Rabu malam kondisi mama semakin
lemas dan mengharuskan mama dibawa ke ruang ICU. Aku pikir ketika mama dirawat
di ruang ICU mama akan lebih mudah sembuh dan kita juga bisa lebih cepat membawa
mama ke rumah sakit di Jakarta. Ternyata pemikiranku meleset jauh, detak
jantung, tensi, dan pernapasan mama terlalu tinggi. Mesin pengukur pun terus
berbunyi seakan memberikan pertanda bahaya untuk mama. Pikiranku mulai kacau,
tak henti hentinya aku berdoa memohon kepada yang Kuasa untuk memberikan
keajaiban pada seorang wanita yang sudah banyak berjasa untuk keluarganya.

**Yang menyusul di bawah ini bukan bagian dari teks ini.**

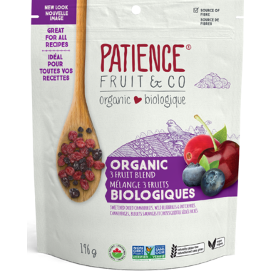 Patience Fruit & Co Organic 3 fruit blend - sweetened dried cranberries, wild blueberries and tart cherries.
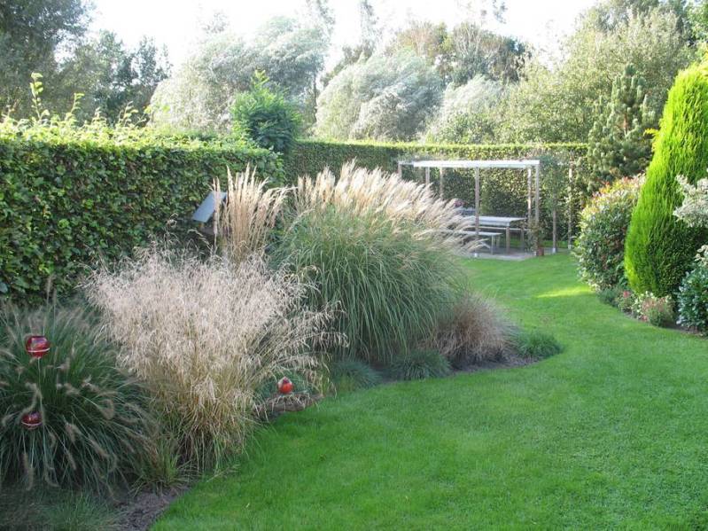 In de grote tuin staan ligbedden, een eettafel en er zijn diverse zithoekjes.

Tuhan seakan mendengar doa ku dan
mengabulkannya. Keesokan pagi, detak jantung, tensi dan pernapasan mama mulai
normal dan mama bisa berbicara normal layaknya orang sehat. Aku bahagia, tak
henti hentinya aku bersyukur atas perubahan mama. Pikiranku tenang kembali,
perubahan mama menjadi obat sedihku.
Kebahagiaanku berubah kembali,
kebahagiaan yang hanya sesaat diberikan Tuhan kepada keluargaku. Detak jantung,
tensi dan pernapasan mama tinggi kembali melebihi batas. Aku terus berdoa, aku
buang jauh jauh pikiran burukku tentang apa yang akan terjadi pada mama. Tangisanku
mungkin tidak akan membantu mama sembuh tapi aku tidak bisa menyembunyikan
perasaan sedihku. Tak henti- hentinya aku berbisik di telinga mama bahwa mama
kuat dan mama harus sembuh. Hanya doa yang bisa aku ucapkan untu kesembuhan
mama.
Keesokan paginya, pukul setengah
6 papa menelpon kakak mama menyuruh kami agar ke rumah sakit dengan segera
karena keadaan mama sudah sangat kritis. Setibanya di rumah sakit, dokter
mengatakan bahwa detak jantung dan pernapasan mama sudah berhenti dan sedang
diusahakan kembali menggunakan alat. Tak lama kemudian, angka angka itu kembali
bermunculan walaupun hilang timbul. Pikiranku masih belum tenang hingga
semuanya normal kembali. Semua keluarga mama dan papa berkumpul dan ikut
mendoakan mama agar diberikan keajaiban kembali. Namun, Tuhan berkehendak lain
dan memanggil mama agar kembali lagi padaNya. Aku tidak sanggup mendengarnya
dan hanya bisa terduduk mendengar semua perkataan dokter. Aku belum percaya
atas semua yang terjadi, aku juga belum percaya mama akan meninggalkan dunia
untuk selamanya.
Ternyata dadah yang mama berikan pada aku dan keluargaku saat
kami melihat mama dari jendela adalah ucapan selamat tinggal untuk selamanya. Terima
kasih mama sudah menjadi semangat hidup aku dari aku lahir hingga sekarang,
tetaplah menjadi penyemangat hidupku untuk selamanya. Sangat sulit untuk
melupakan mama karena apapun yang aku lakukan dan apapun yang aku lihat semuanya
selalu berhubungan dengan mama. Tak kenal waktu dan tempat, air mataku bisa
saja menetes saat aku merindukan mama. I love you, ma.